Bishop explained that all of these increase when the economy grows closer to 3% rather than 0.5%.
“What we are experiencing at the moment is a very weak economy that has persisted for several years, with the expectation that it will continue to be weak,” she said.
“That, of course, has a negative impact on business confidence, which remains depressed.”
Therefore, she explained the upside will come when businesses realise the government has actually delivered more than expected.
For example, last year, in the president’s State of the Nation Address, many people were sceptical when he said Eskom would end the electricity crisis soon – but it happened.
This year, the president spoke about ending the freight crisis quickly, which could happen within the next few years.
Bishop explained that all these factors would contribute to supporting growth, which would be very surprising for investors, the business community, and credit rating agencies.
On the topic of higher taxes, Bishop believes South Africa is “taxed out”. She said the country’s tax buoyancy ratio shows it cannot absorb more on the tax front.
“While we may have a weaker year from a GDP perspective, I think this will be the turning point, and we will start seeing strong growth from next year,” she said.
KPMG’s Joubert Botha

KPMG South Africa’s executive director and head of tax and legal, Joubert Botha, said 2025 may well be a year of tax consolidation with consequential adjustments.
However, he does not expect major announcements or proposals, especially considering the global minimum tax and the two-pot retirement system.
From a tax perspective, Botha expects the following:
- From an expense and cost perspective, he predicts more funds for SARS, which will likely be used to continue with the compliance and collection drive and tax modernisation plans and projects
- He does not foresee any major change in the VAT rate.

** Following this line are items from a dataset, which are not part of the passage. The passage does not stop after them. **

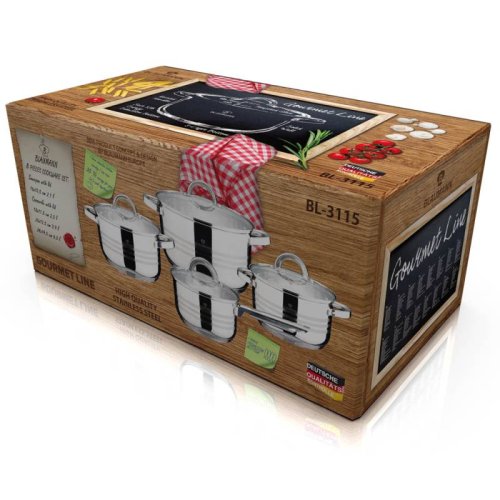 Hledáte vhodnou sadu nádobí do vaší kuchyně? Sadou získáte všechny potřebné nádoby na vaření, ať už budete vařit pro sebe nebo pro více osob. Velkou výhodou je, že můžete objednat najednou více nádobí od ověřeného výrobce BLAUMANN. Sadu nádobí sjednocuje jednotný design, navíc nerezová barva celé sady je univerzální a vyjímat se bude v každé kuchyni.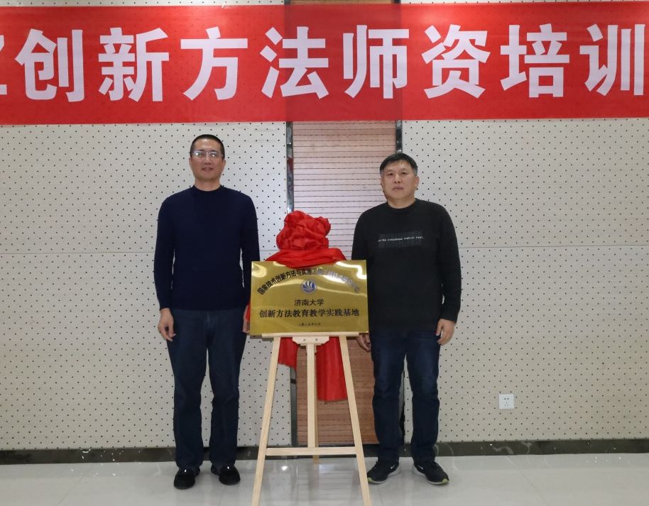 仪式上,曹国忠与高常青为国家技术创新方法与实施工具工程技术研究中心济南大学创新方法教育教学实践基地揭牌。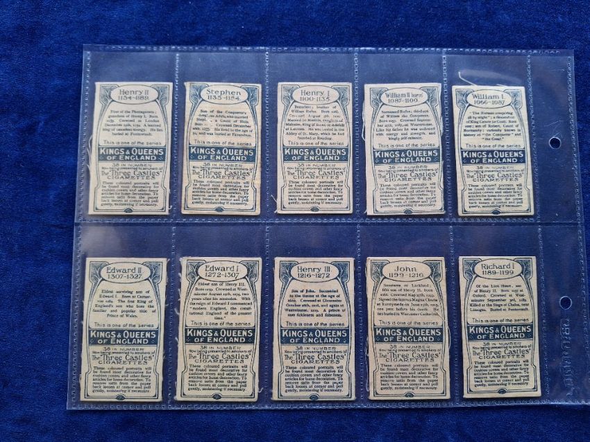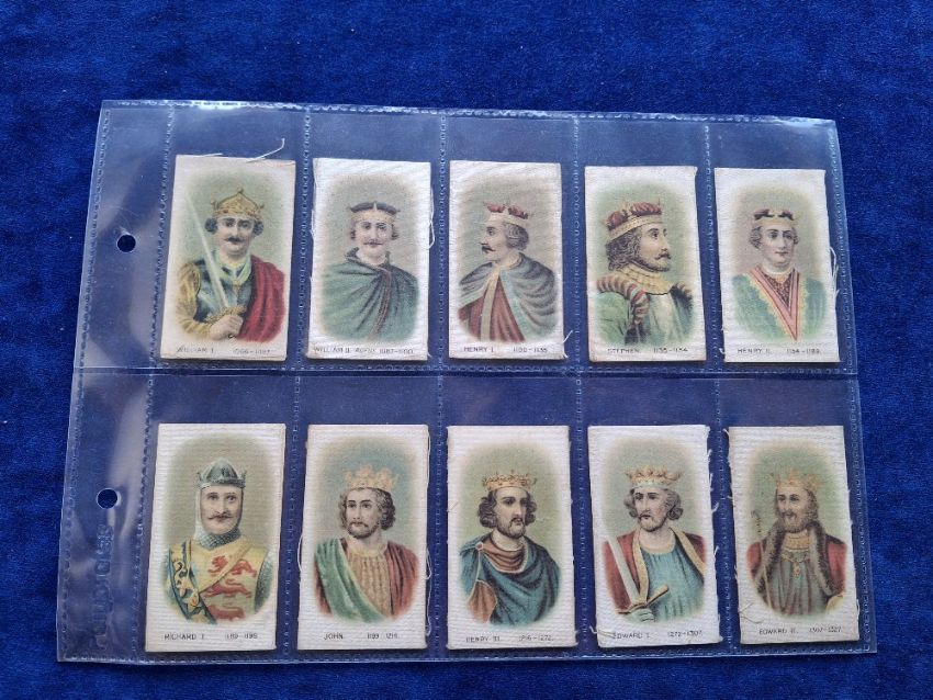 Cigarette cards, Wills Kings & Queens of England (silk) all with original backs (set 38 cards) (gen gd)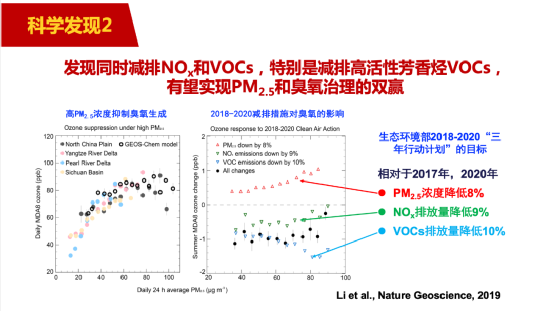图9.1:科学发现 酸雨、细颗粒物等大气污染问题改善趋势持续向好,群众面临新的困惑:为何有时候蓝天仍是污染日?原因在于我国正面临日益严重的臭氧污染。“大气国十条”实施以来,城市地区大气污染六项指标中五项已下降,唯有臭氧浓度持续上升。南京信息工程大学廖宏教授团队研究发现,近几年我国PM2.5浓度的降低加剧了臭氧污染。未来唯有同时减排氮氧化物和挥发性有机物,才能更有效地实现霾和臭氧治理的双赢。该项研究为我国制定协同减排策略提供了关键性的理论依据。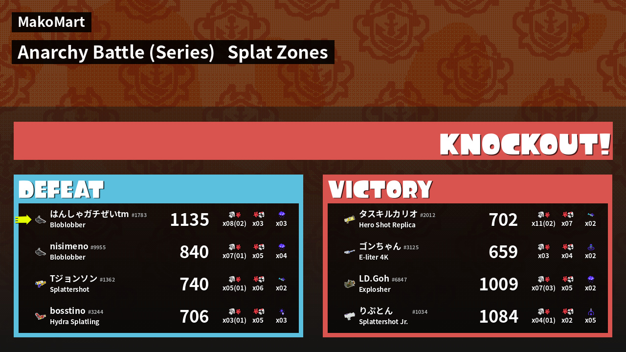 | Mode | Splat Zones - Anarchy Battle (Series) | ||||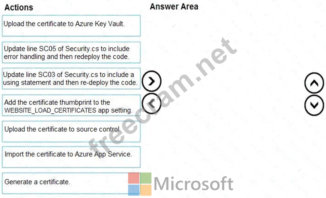 Question 28: You are developing an Azure Web App. You configure TLS mutua...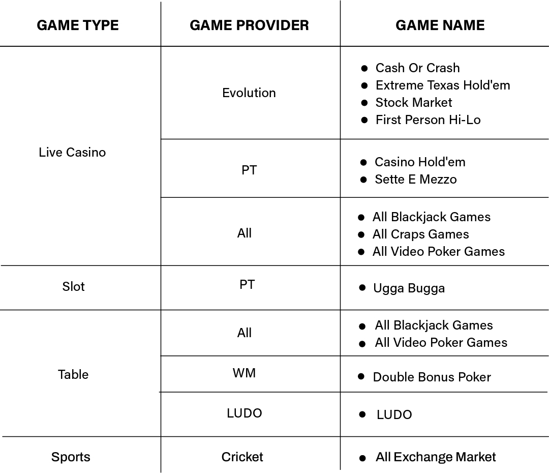 While most bets placed on our platform can be counted towards turnover calculation, and the bonuses we offer can be used on a wide range of games, there are some exceptions. For detailed information about the games and sport markets excluded from bonus wagering and turnover calculations, please refer to the table below: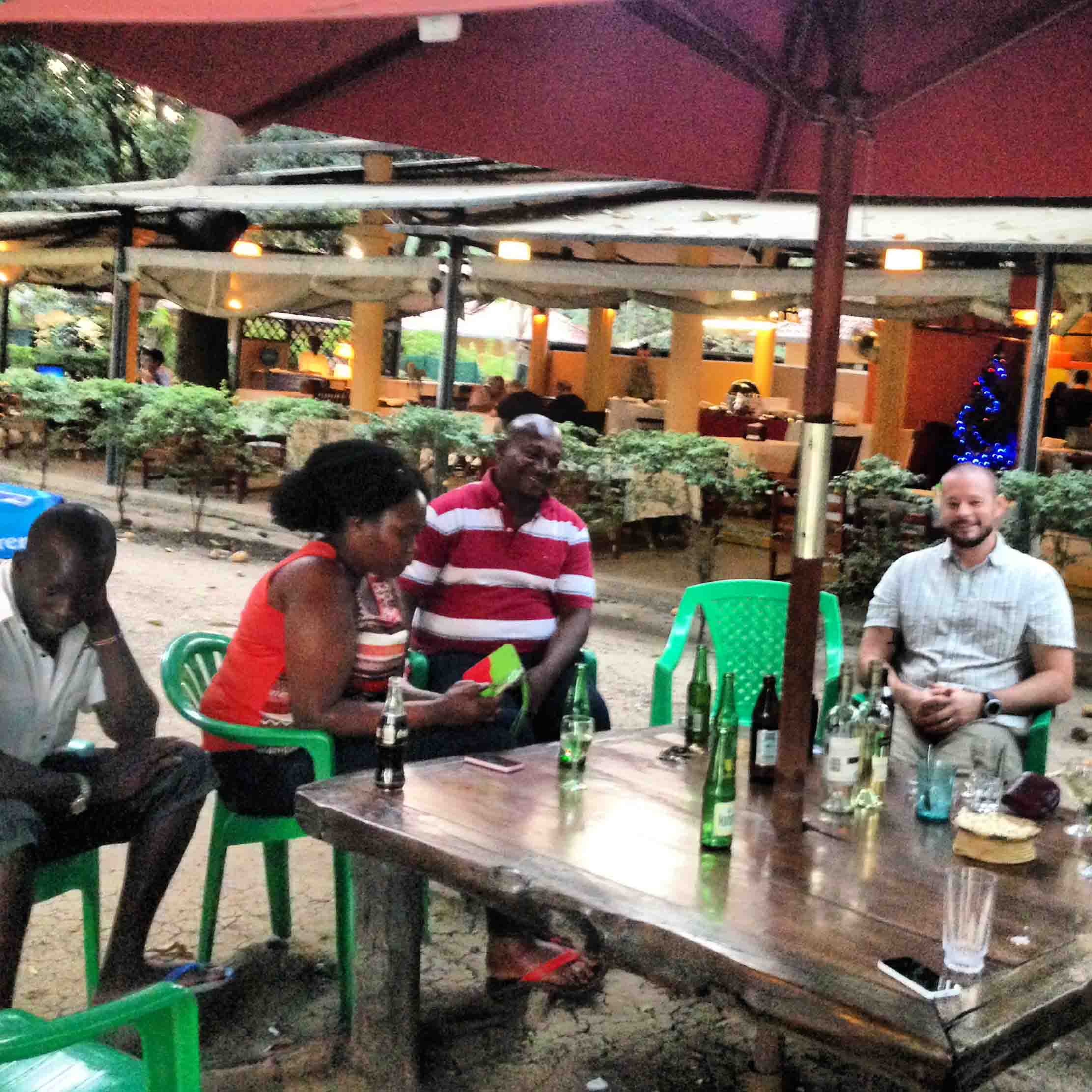 My coworkers and I having dinner as we await news about the situation in Juba and the evacuation process.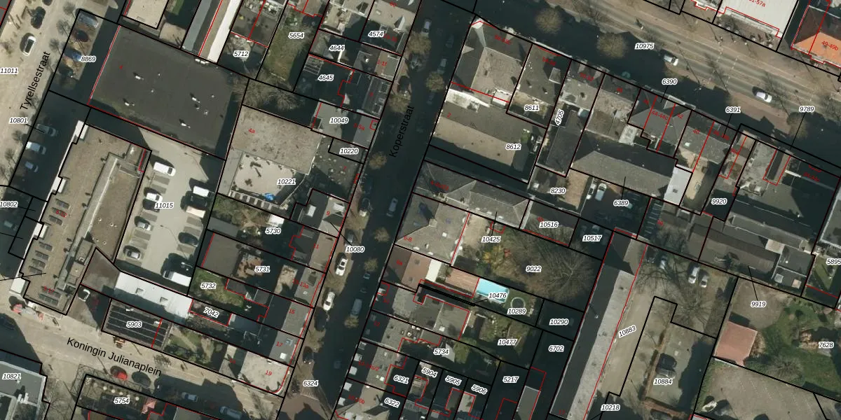 Het perceel waarop Koperstraat 6-k staat heeft een oppervlakte van 635 m². Dit is een groot perceel. De perceeloppervlakte wordt geregistreerd door het Kadaster. Gedetailleerde informatie over de maten van dit perceel kunt u vinden in het rapport Kadastrale kaart met maatvoering van Koperstraat 6-k.
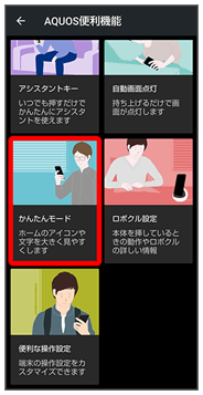 | かんたんモード | 簡単で見やすいホーム画面と読みやすい文字に設定できます。 | |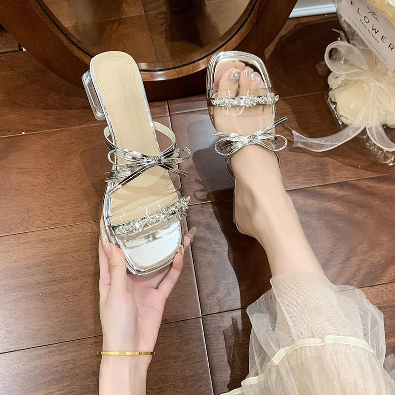 Französische Mode Dicke Ferse Coole Pantoletten Damen Sommerkleidung 2025 Neue Silberne Sandalen Schleife Strass Hohe Absätze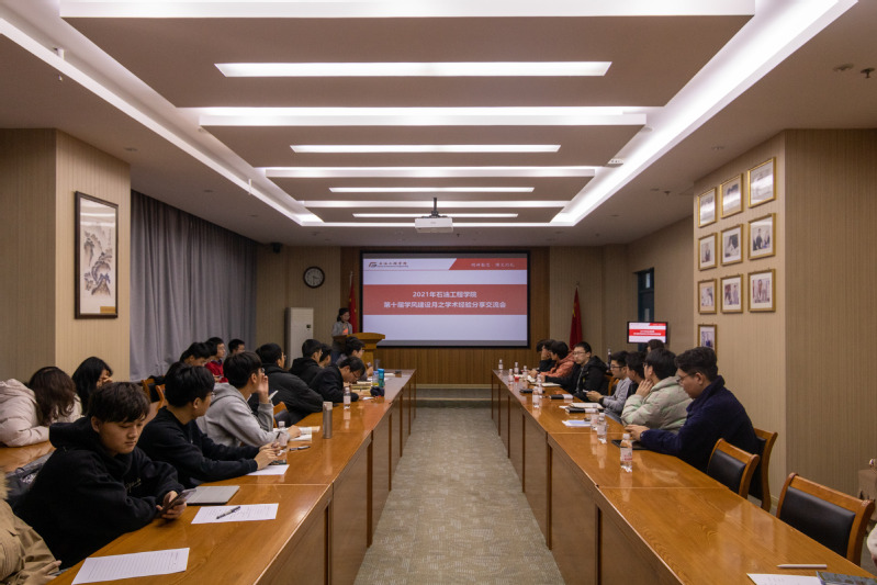 本次活动邀请石油工程设计大赛“卓越杯”团队成员、学校“学术十杰”称号获得者、研究生国家奖学金获得者等优秀研究生代表就科研方向、竞赛经验、论文写作、学生工作等方面进行分享交流。研究生国家奖学金、第二届“华数杯”全国大学生建模挑战赛一等奖获得者,19级硕士研究生赵淑星表示:“在研究生学习期间,要学会合理计划每个阶段的目标并提高工作效率,制定好的计划要按时完成,同时,要注重培养自身的沟通和表达能力,不要只会埋头做事而不会抬头做人。” 第十一届石油工程设计大赛“卓越杯”团队成员、研究生国家奖学金、“华为杯”第十六届中国研究生数学建模竞赛国家级二等奖获得者,19级硕士研究生贾晓涵就参赛心得和收获进行现场分享:“参赛过程中一定要合理安排工作进度,放平心态、稳步向前,同时需要团队所有成员的共同努力。除了所获得的荣誉奖励,参赛的过程也是一个应用实践的过程,这将使你收获颇丰。”“学术十杰”、研究生国家奖学金获得者,17级博士研究生赵二猛则就自身在研究生学习阶段的一些心得进行分享:“研究生阶段不同于本科生,需要有自己的思考和逻辑,不仅仅是跟着老师走,更要学会自己走。在研究生科研工作中,打好基础是至关重要的,戒骄戒躁、脚踏实地才能走得更远,希望在座的各位能在科研大道上走出属于自己的那一条道路。”

However, South Africa is likely to see more products added to the zero-rated items list
- Corporate tax may see adjustments around exemptions, allowances and incentives
- Botha expects the government to focus on maintaining its tax base. The government will continue to focus on this and implement amendments and adjustments to address tax loopholes and transactions that erode the base
- In terms of personal tax, he said South Africa is going to see more clarity on the use of medical aid tax credits and the future thereof. There may also be a cap or reduction in medical aid tax credits
- With regard to the wealth tax, Botha expects announcements and perhaps even disclosure documents around a future wealth tax
- Legislative adjustments to international tax are also likely
“There will very likely be a large focus on AI and the opportunity for such technology to improve tax collection, management and disputes,” he said.